I have a series questions regarding the generation of new amino acid substitution models using IQTree (IQ-TREE multicore version 2.3.6 for Linux x86 64-bit built Aug 4 2024) - and would greatly appreciate any guidance you might have.
I read in another issue here that two iterations of QMaker/NQMake model building is useful/generally sufficient for generating an optimized new model - and I am wondering how to best implement this - and how to best generate new substitution models in general using IQTree.

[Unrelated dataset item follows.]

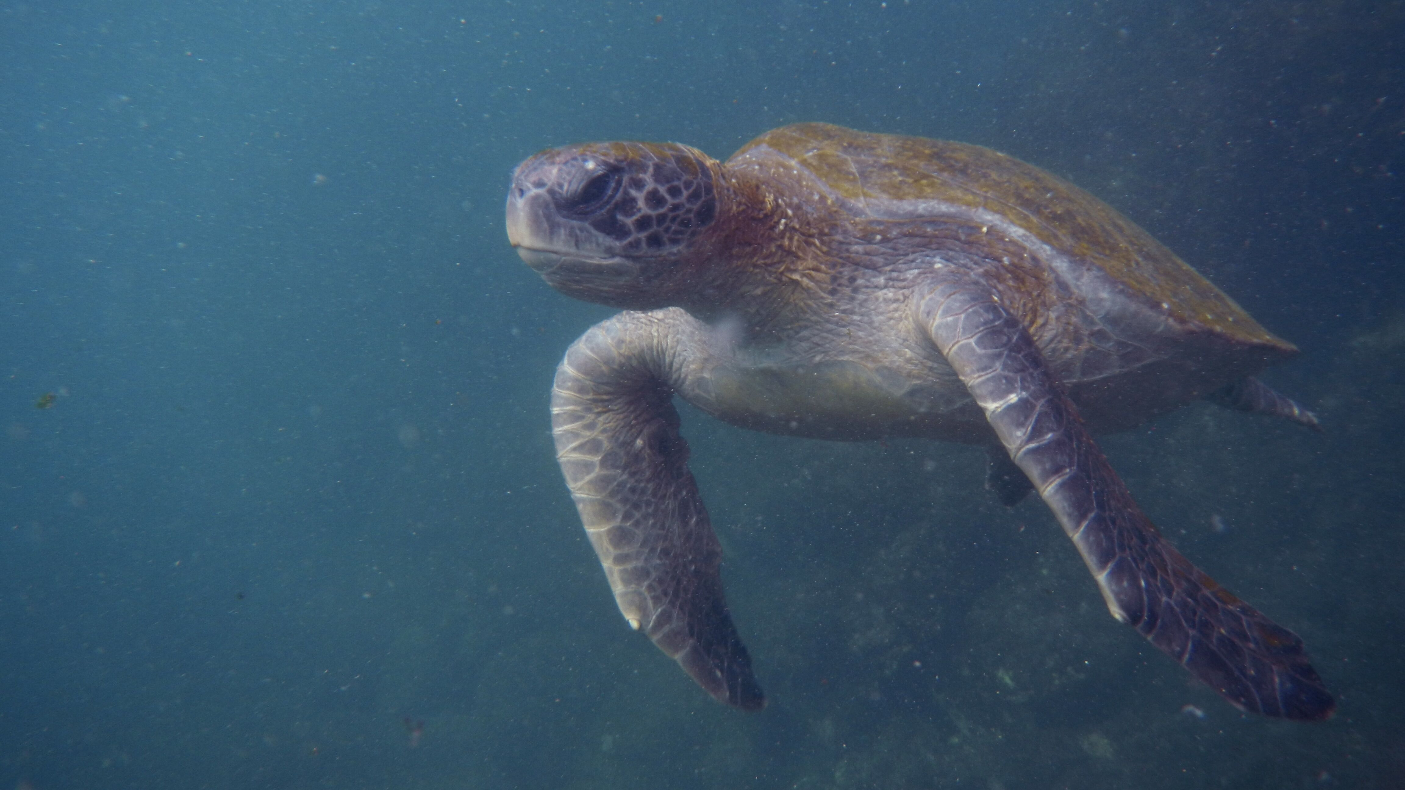 In the morning, guests landed at Punta Espinoza on Fernandina. At the coast, flightless cormorants spread their wings to dry as Galápagos hawks perched alertly in the coastal vegetation. Galápagos sea lions, including suckling pups, lounged on black lava rocks near the water’s edge. Several green sea turtles surfaced close to shore, and the island’s abundant marine iguanas foraged quietly on coral algae. Later, snorkeling in the clear shallows revealed many indifferent green turtles and grazing marine iguanas.

I am able to generate an initial model (Iteration 1 model_i1) following the IQTree instructions here:
QMaker/NQMaker examples
Specifically for time-reversible and time-non-reversible versions of Iteration 1 model_i1, I ran:
Question 1:
I set -cmax to 4 based on the IQTree example that has -cmax 4 - but I anticipate C20 or C60 might be useful for some downstream/later data sets (long alignments and distant species). Is it better in my case to set -cmax to say 60 at Step 1? Was -cmax 4 set low (below default of 10 I think) to reduce computational load/time? I have reasonable computing resources - up to 128 CPUs with 968 Gb RAM on a node and up to 6 nodes if I use mpi. So if -cmax 4 was to reduce computation load - and -cmax 60 might be better for my data, I could reasonably implement this I think - but not sure if this is the correct way to think about things.
Question 2:
I set -mset to LG,WAG,JTT based on the IQTree example that has -mset LG,WAG,JTT. My target species for tree building are across animal phyla and unicellular outgroups. Given the improvement of Q, NQ, and ELM models over LG for major animal groups in recent Q, NQ, and GTRpmix papers - I am wondering if it makes sense in my case to include these models with -mset in Step 1 expanded to say -mset LG,WAG,JTT,Q.pfam,NQ.pfam,ELM. Or what would be recommended / how to assess think about this?
Question 3:
If I do expand -mset to include additional models like Q.pfam, NQ.pfam, and ELM in Step 1 - what would be the appropriate --model-joint to use in Step 2? I used the IQTree example setting of --model-joint GTR20+FO for time-reversible and --model-joint NONREV+FO for time non-reversible - but no idea if these would still be appropriate or optimal with the addition of Q.pfam,NQ.pfam, and/or ELM in Step 1.
Question 4:
If I do expand -mset to include additional models like Q.pfam, NQ.pfam, and ELM in Step 1 - what would be the appropriate --init-model to use in Step 2? I used the IQtree example of --init-model LG. However, I was thinking to replace LG with ELM in this case, as the GTRpmix paper indicated it was better for major animal groups - so would run --init-model ELM at Step 2, give an expansion of -mset LG,WAG,JTT,Q.pfam,NQ.pfam,ELM in Step 1.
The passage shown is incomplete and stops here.